2. Suleimanova published a detailed version of her Doklady paper in

Suleĭmanova, H. R. The question of a necessary and sufficient condition for the existence of a stochastic matrix with prescribed characteristic numbers. (Russian) Trudy Vsesojuz. Zaočn. Ènerget. Inst. Vyp. 28 1965 33–49.

which is an very obscure publication.

1. If you feel like you have to cite a particular result from Suleĭmanova's paper, you should first find out if this result is correct; for instance, check (using mathreviews) if this particular result was reproven later on in a paper you can trust, or prove/disprove the results yourself. If that does not work, you have no option but to get access to her papers (the interlibrary loan would help if you are in the US) and then ask somebody to translate for you.

There is a survey of the NIEP (by Egleston, Lenker and Narayan) at http://dx.doi.org/10.1016/j.laa.2003.10.019. This cites Suleĭmanova but immediately says that a simple proof of her main result was subsequently given by Perfect (http://dx.doi.org/10.1215/S0012-7094-53-02040-7). Note that this is a different paper by Perfect than the one mentioned by Misha.
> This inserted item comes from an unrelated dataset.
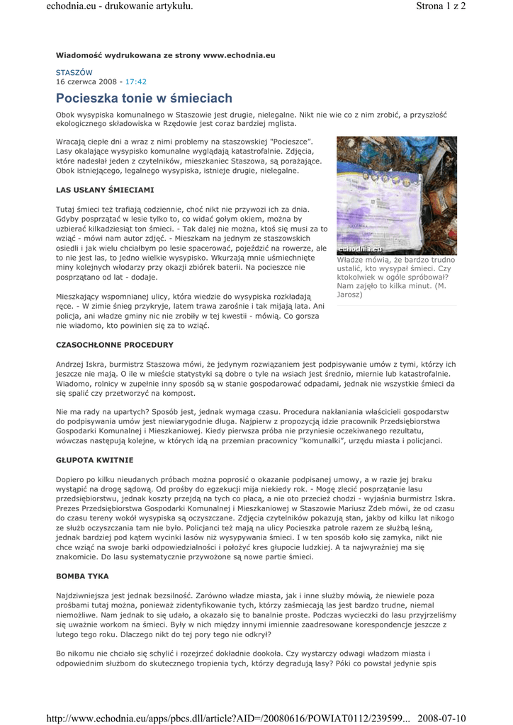 echodnia.eu - drukowanie artykułu. Strona 1 z 2 Wiadomość wydrukowana ze strony www.echodnia.eu STASZÓW 16 czerwca 2008 - 17:42 Pocieszka tonie w śmieciach Obok wysypiska komunalnego w Staszowie jest drugie, nielegalne. Nikt nie wie co z nim zrobić, a przyszłość ekologicznego składowiska w Rzędowie jest coraz bardziej mglista. Wracają ciepłe dni a wraz z nimi problemy na staszowskiej "Pocieszce”. Lasy okalające wysypisko komunalne wyglądają katastrofalnie. Zdjęcia, które nadesłał jeden z czytelników, mieszkaniec Staszowa, są poraŜające. Obok istniejącego, legalnego wysypiska, istnieje drugie, nielegalne. LAS USŁANY ŚMIECIAMI Tutaj śmieci teŜ trafiają codziennie, choć nikt nie przywozi ich za dnia. Gdyby posprzątać w lesie tylko to, co widać gołym okiem, moŜna by uzbierać kilkadziesiąt ton śmieci. - Tak dalej nie moŜna, ktoś się musi za to wziąć - mówi nam autor zdjęć. - Mieszkam na jednym ze staszowskich osiedli i jak wielu chciałbym po lesie spacerować, pojeździć na rowerze, ale to nie jest las, to jedno wielkie wysypisko. Wkurzają mnie uśmiechnięte miny kolejnych włodarzy przy okazji zbiórek baterii. Na pocieszce nie posprzątano od lat - dodaje. Mieszkający wspomnianej ulicy, która wiedzie do wysypiska rozkładają ręce. - W zimie śnieg przykryje, latem trawa zarośnie i tak mijają lata. Ani policja, ani władze gminy nic nie zrobiły w tej kwestii - mówią. Co gorsza nie wiadomo, kto powinien się za to wziąć. Władze mówią, Ŝe bardzo trudno ustalić, kto wysypał śmieci. Czy ktokolwiek w ogóle spróbował? Nam zajęło to kilka minut. (M. Jarosz) CZASOCHŁONNE PROCEDURY Andrzej Iskra, burmistrz Staszowa mówi, Ŝe jedynym rozwiązaniem jest podpisywanie umów z tymi, którzy ich jeszcze nie mają. O ile w mieście statystyki są dobre o tyle na wsiach jest średnio, miernie lub katastrofalnie. Wiadomo, rolnicy w zupełnie inny sposób są w stanie gospodarować odpadami, jednak nie wszystkie śmieci da się spalić czy przetworzyć na kompost. Nie ma rady na upartych? Sposób jest, jednak wymaga czasu. Procedura nakłaniania właścicieli gospodarstw do podpisywania umów jest niewiarygodnie długa. Najpierw z propozycją idzie pracownik Przedsiębiorstwa Gospodarki Komunalnej i Mieszkaniowej. Kiedy pierwsza próba nie przyniesie oczekiwanego rezultatu, wówczas następują kolejne, w których idą na przemian pracownicy "komunalki”, urzędu miasta i policjanci. GŁUPOTA KWITNIE Dopiero po kilku nieudanych próbach moŜna poprosić o okazanie podpisanej umowy, a w razie jej braku wystąpić na drogę sądową. Od prośby do egzekucji mija niekiedy rok. - Mogę zlecić posprzątanie lasu przedsiębiorstwu, jednak koszty przejdą na tych co płacą, a nie oto przecieŜ chodzi - wyjaśnia burmistrz Iskra. Prezes Przedsiębiorstwa Gospodarki Komunalnej i Mieszkaniowej w Staszowie Mariusz Zdeb mówi, Ŝe od czasu do czasu tereny wokół wysypiska są oczyszczane. Zdjęcia czytelników pokazują stan, jakby od kilku lat nikogo ze słuŜb oczyszczania tam nie było. Policjanci teŜ mają na ulicy Pocieszka patrole razem ze słuŜbą leśną, jednak bardziej pod kątem wycinki lasów niŜ wysypywania śmieci. I w ten sposób koło się zamyka, nikt nie chce wziąć na swoje barki odpowiedzialności i połoŜyć kres głupocie ludzkiej. A ta najwyraźniej ma się znakomicie. Do lasu systematycznie przywoŜone są nowe partie śmieci. BOMBA TYKA Najdziwniejsza jest jednak bezsilność. Zarówno władze miasta, jak i inne słuŜby mówią, Ŝe niewiele poza prośbami tutaj moŜna, poniewaŜ zidentyfikowanie tych, którzy zaśmiecają las jest bardzo trudne, niemal niemoŜliwe. Nam jednak to się udało, a okazało się to banalnie proste. Podczas wycieczki do lasu przyjrzeliśmy się uwaŜnie workom na śmieci. Były w nich między innymi imiennie zaadresowane korespondencje jeszcze z lutego tego roku. Dlaczego nikt do tej pory tego nie odkrył? Bo nikomu nie chciało się schylić i rozejrzeć dokładnie dookoła. Czy wystarczy odwagi władzom miasta i odpowiednim słuŜbom do skutecznego tropienia tych, którzy degradują lasy? Póki co powstał jedynie spis http://www.echodnia.eu/apps/pbcs.dll/article?AID=/20080616/POWIAT0112/239599... 2008-07-10 echodnia.eu - drukowanie artykułu. Strona 2 z 2 dzikich wysypisk z ładnymi zdjęciami. W przyszłym roku trzeba go będzie powiększyć o kolejne wpisy. MARZENIA O RZĘDOWIE Staszów ma jeszcze inny problem, a chodzi o planowaną budowę składowiska w Rzędowie na granicy gmin Staszów i Tuczępy. Starania o budowę ekologicznego składowiska odpadów przypominają bicie głową w mur. Inwestycja, która miała zostać uruchomiona jeszcze przed końcem 2009 roku jest w sferze planów, a ich realizacja coraz bardziej oddala się w czasie. Nie ma na nią przyobiecanych pieniędzy, coraz głośniejsze są protesty mieszkańców, nawet poszczególne gminy wchodzące w skład ekologicznego związku zaczynają mieć coraz więcej wątpliwości. Echo Media sp. z o.o. http://www.echodnia.eu/apps/pbcs.dll/article?AID=/20080616/POWIAT0112/239599... 2008-07-10
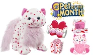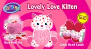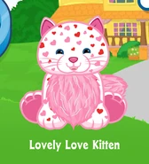 The Lovely Love Kitten is a Webkinz pet that was released in January 2014. It was exclusive to the Ganz eStore. It doesn't have a Lil'Kinz version. It was Pet of the Month in February 2017. It isn't retired. Its pet specific item is the Candy Heart Couch and its pet specific food is Rose Petal Tea.

I presume that people decided that Suleĭmanova's work was hard to get hold of and/or not reliable, but that the results that they needed had been proved properly by Perfect. Given this, the line of least resistance is to cite both Suleĭmanova and Perfect, but in practice rely on Perfect only. That's not ideal, but it's easy to see why people do it.

• Or should we say "That's not perfect"? – Anthony Quas Dec 13 '16 at 12:51

A multi-set of real numbers $\Lambda = \{\lambda_1,\dots,\lambda_n\}$ is called a Suleĭmanova spectrum if $\Lambda$ contains one positive element and $\sum_{i=1}^n \lambda_i \geq 0$.

Suleĭmanova [Doklady Akad. Nauk SSSR (N.S.) 66, 343–345 (1949); MR0030496] loosely proved that every such set is realizable, i.e., that it is the spectrum of an $n$-by-$n$ nonnegative matrix.

Appendix B of Joanne Swift's 1972 master's thesis Location of the Characteristic Roots of Stochastic Matrices at McGill University contains an English translation of Suleĭmanova's seminal paper.

Friedland [Israel J. Math. 29, no. 1, 43–60 (1978); MR0492634] and Perfect [Duke Math. J. 20, 395–404 (1953); MR0055969] proved Suleĭmanova's result via companion matrices. However, constructing the companion matrix of a Suleĭmanova spectrum is computationally prohibitive. Recently, I gave a constructive proof of Suleĭmanova's result [Electron. J. Linear Algebra 31, 306–312 (2016); MR3504411] using permutative matrices.